Silence reigned supreme in the darkened room. Although dark did not come close to describing it, Draco mused. Could it be a velvety darkness? No, velvet was soft and beautifully smooth to feel. An inky darkness? He considered this for a moment before discarding it. Inky implied fluidity, with changing hues. This was black darkness, the total absence of light. This was the kind of darkness that made small children whimper in fear at the thought of what could be hiding in it, except intensified a thousand times. It was cold, unyielding, unchanging. It was in this darkness that he had lived for the past- how long had it been? It felt like years.
With a huge effort he pulled his mind back, derailing his train of thought from the track leading to the station of insanity. He would not succumb. They might have taken everything else from him: his home, his family, his identity, but he would keep his own mind at least. And in his right state of mind he would not be attempting to poetically describe darkness. Dark was dark, that was all there was to it.
He leaned his head back against the brick wall behind him. The bricks were rough, and crumbled a little to the touch. There were two thousand, nine hundred and forty nine bricks in the cell. He had counted. Fourteen times.

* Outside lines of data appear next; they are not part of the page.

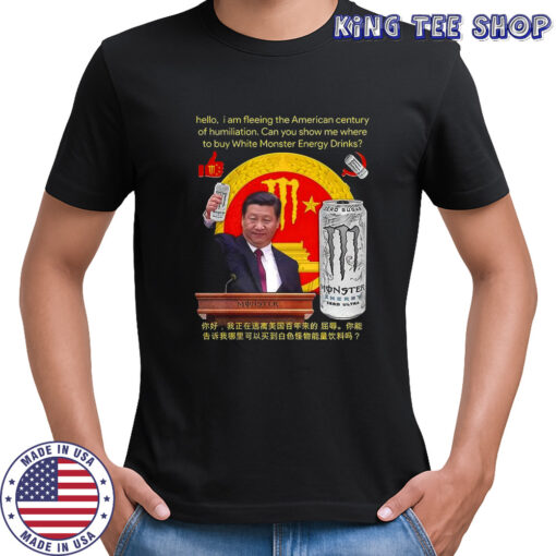 hello I am fleeing the American century of humiliation Monster Energy drinks parody shirt
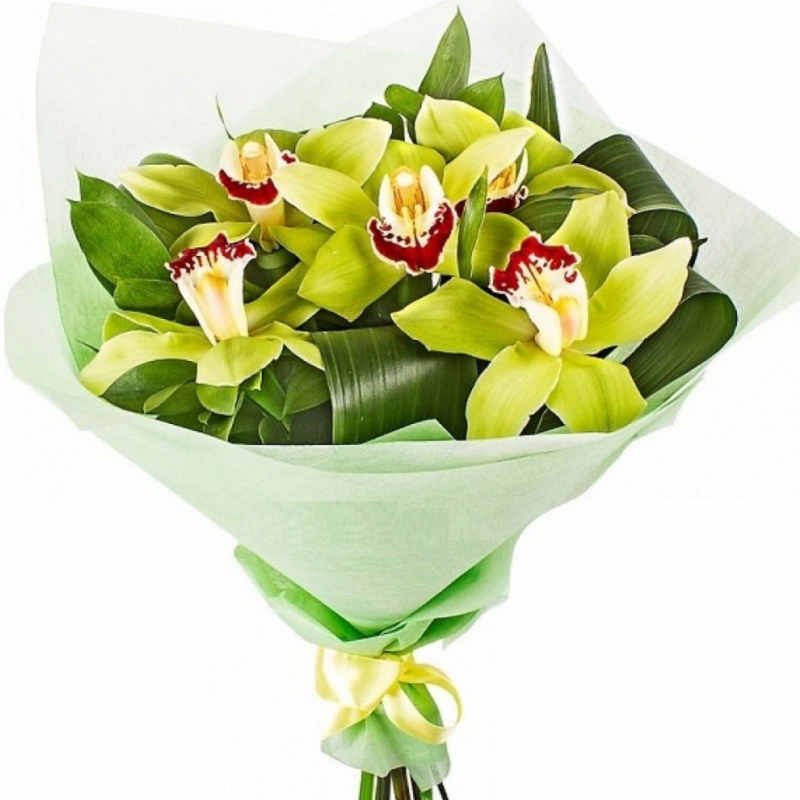 Букет состоит из 5 орхидей, красивая упаковка, атласная лента.
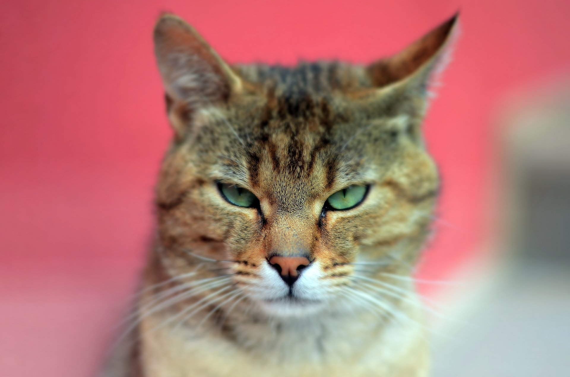 Eine Katze mit riesigen Augen sitzt auf einem Baum
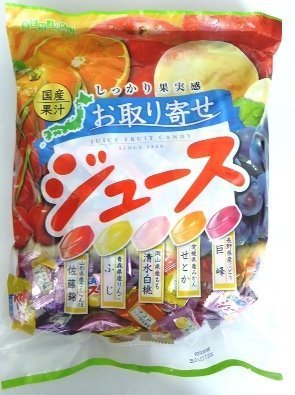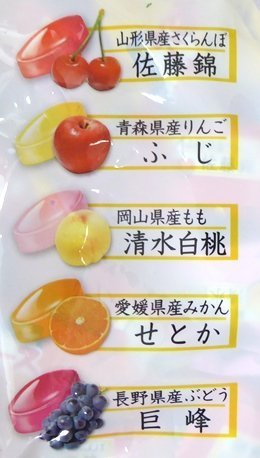 原材料:砂糖、水飴、佐藤錦果汁(山形県産)、ふじ濃縮果汁(青森県産)、巨峰濃縮果汁(長野県産)、せとか果汁(愛媛県産)、清水白桃果汁(岡山県産)/酸味料、香料(オレンジ由来)、着色料(アントシアニン・アナトー・カラメル・クチナシ)
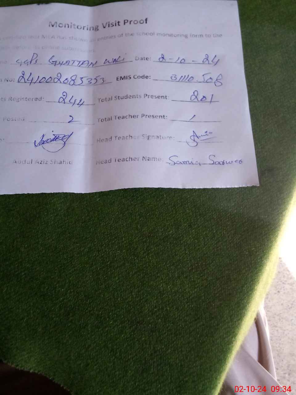 | EMIS Code: 31110508 | Name of School: GGPS GHATTIAN WALI | |||
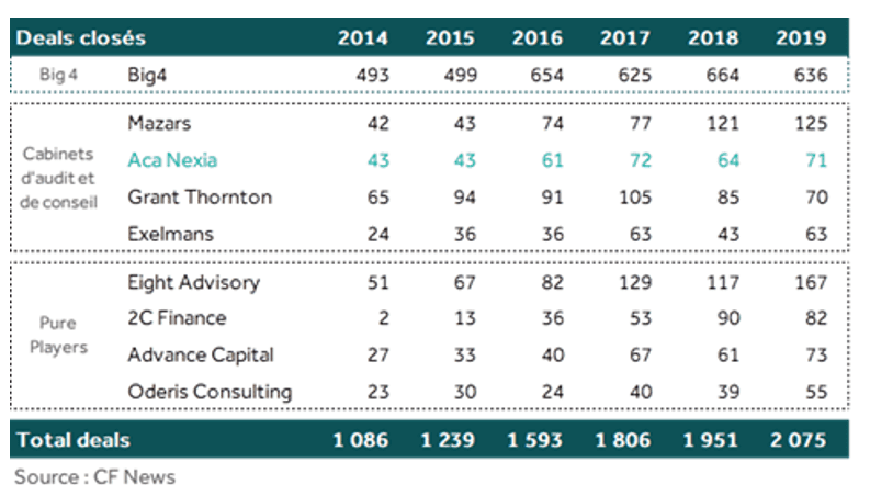 Present for more than 10 years in the rankings of the profession, Aca Nexia thus confirms its dynamics and its position as a recognized player in Transaction Services in France by its presence, one new time, in the Top10 of the CFNews ranking. It is immediately behind the Big 4, and presents itself as a credible alternative to large firms, thanks to its multidisciplinarity (audit and advice), its track record (more than 200 operations in the last 3 years) and its capacity international projection wiht the Nexia International network, ranked 9th worldwide.
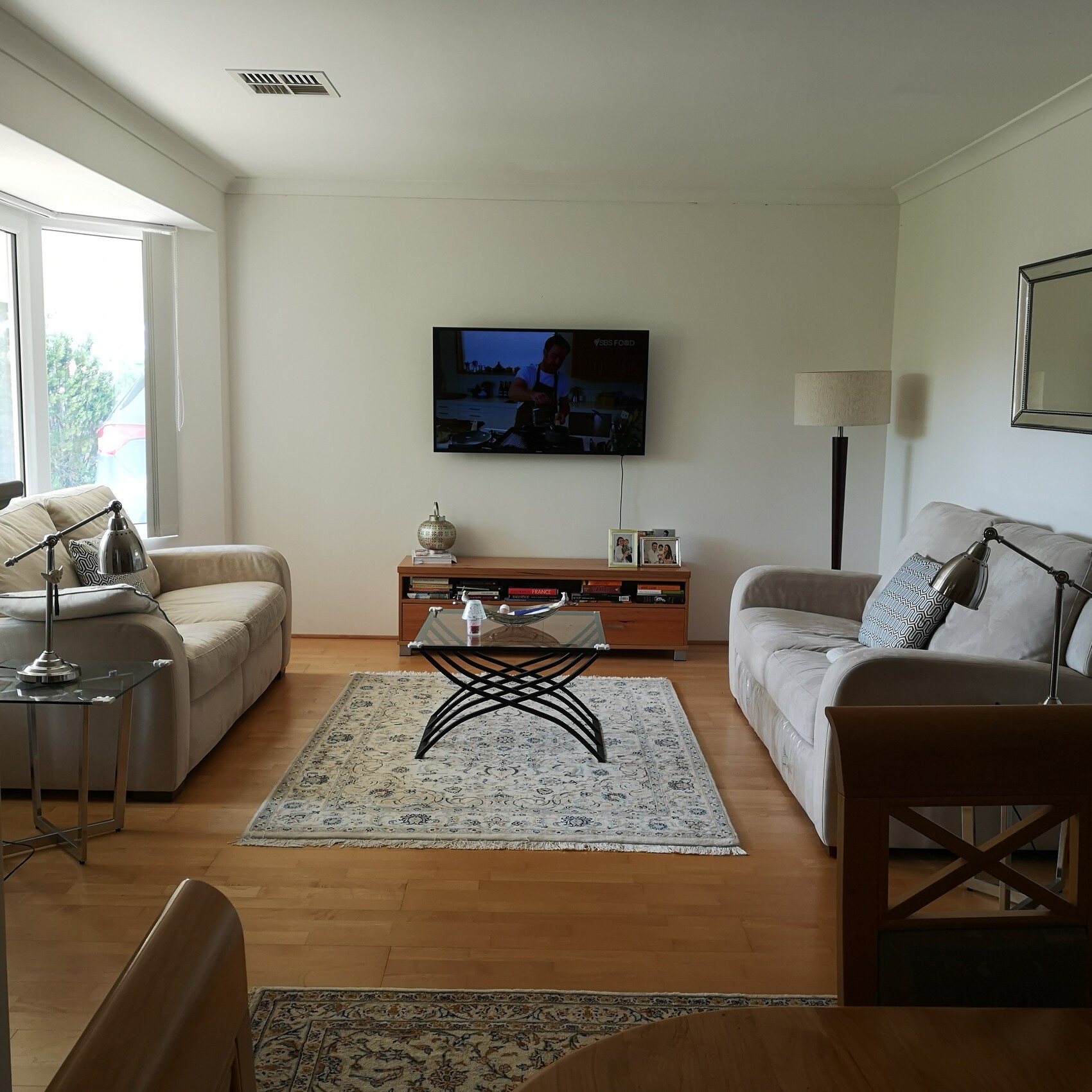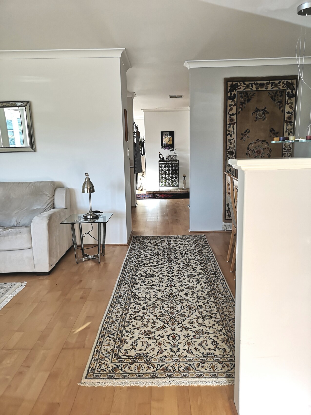 wenn man bei uns durch die Haustür kommt, sieht es so aus. Vor der Wand geht es rechts ins Schlafzimmer und ensuite und Ankleide, links ist ein Wohnzimmer, soz, die gute Stube. Rechts hinter der kurzen Wand ist ein esstisch.

He lowered himself to the hard concrete floor and stretched out his stiff legs in the impenetrable darkness. The room was roughly six feet paces across and five long. He had walked around it countless times. It was the only exercise he could get.
The wall he was leaning against shook a little as something thudded hard against it on the other side. He grimaced, and shifted his position. The idiot in the adjacent cell was trying to knock himself out again, rather than face the silent darkness any longer. Draco had never sunk that low. He had found ways to occupy his time. He would stay sane. He didn't deserve otherwise.
Memories kept him alive. He forced himself to relive each of his mistakes and bad decisions, right up to the point where he made the biggest mistake of his life. He had been all right up until then. He knew he wasn't perfect, but remained confident that his was right cause, and anyone who crossed him deserved whatever they got. That incident had changed him forever. He had discovered that, actually, he was not a good person. He was a weak, cowardly bully who couldn't even face up to his own actions properly.
He brought his shaking hands up, dragging them through his greasy, unkempt hair. He must keep his composure. They must not know what they had done to him. It was no use. He drew his knees up to his chest, and gave himself up to a black pit of depression. A frantic sob clawed its way up his throat, desperate for an outlet to his grief and regret. The Silencing charm forced it brutally back down again.
He dropped his head onto his knees and rocked back and forth. Three months, the Wizengamot had decreed. Thirteen weeks of solitary confinement. Ninety-one days without human contact, except when someone came to renew his Silencing charm. Two thousand, one hundred and eighty-four hours in the utter darkness. One hundred and thirty thousand and forty minutes in absolute silence. Seven million, eight hundred and sixty-two thousand and forty seconds with only his torturous thoughts for company.
Sometimes he wondered if they had forgotten him. It had to have been more than three months since he had been doomed to this. The Silencing charm had twice been renewed. He automatically glanced blindly at where he knew the door was. Its cold steel barred the only way to freedom from this cursed place. Yet his meals, such meagre affairs as they were, appeared twice a day in a corner of the cell.
Boredom is not sufficient description for what he had felt since he had first come here. In a way, the first few days had been the worst. Then, he had yet to learn the tricks of keeping his straying mind on the narrow road of sanity instead of the abyss of madness. Sleep afforded some reprieve, but he was always troubled by haunting nightmares, forcing him to relive that awful moment in time where he had destroyed his life beyond repair.
His head flew up sharply at a sound from outside. Anything which offered a respite from the monotony which dictated his life was a good thing. A tap resounded throughout the room as something hit the impervious door.
Blinding agony pierced his hitherto useless eyes. Instinctively, he buried his head in his arms, protecting his head from the brilliant, searing light. He heard a voice say something roughly to him. When he did not respond strong hands took a grip of steel on his arms and hauled him to his feet. He opened his eyes, squinting against the brightness. His disbelieving legs followed his releaser automatically through the open door and out into the beginning of his new life.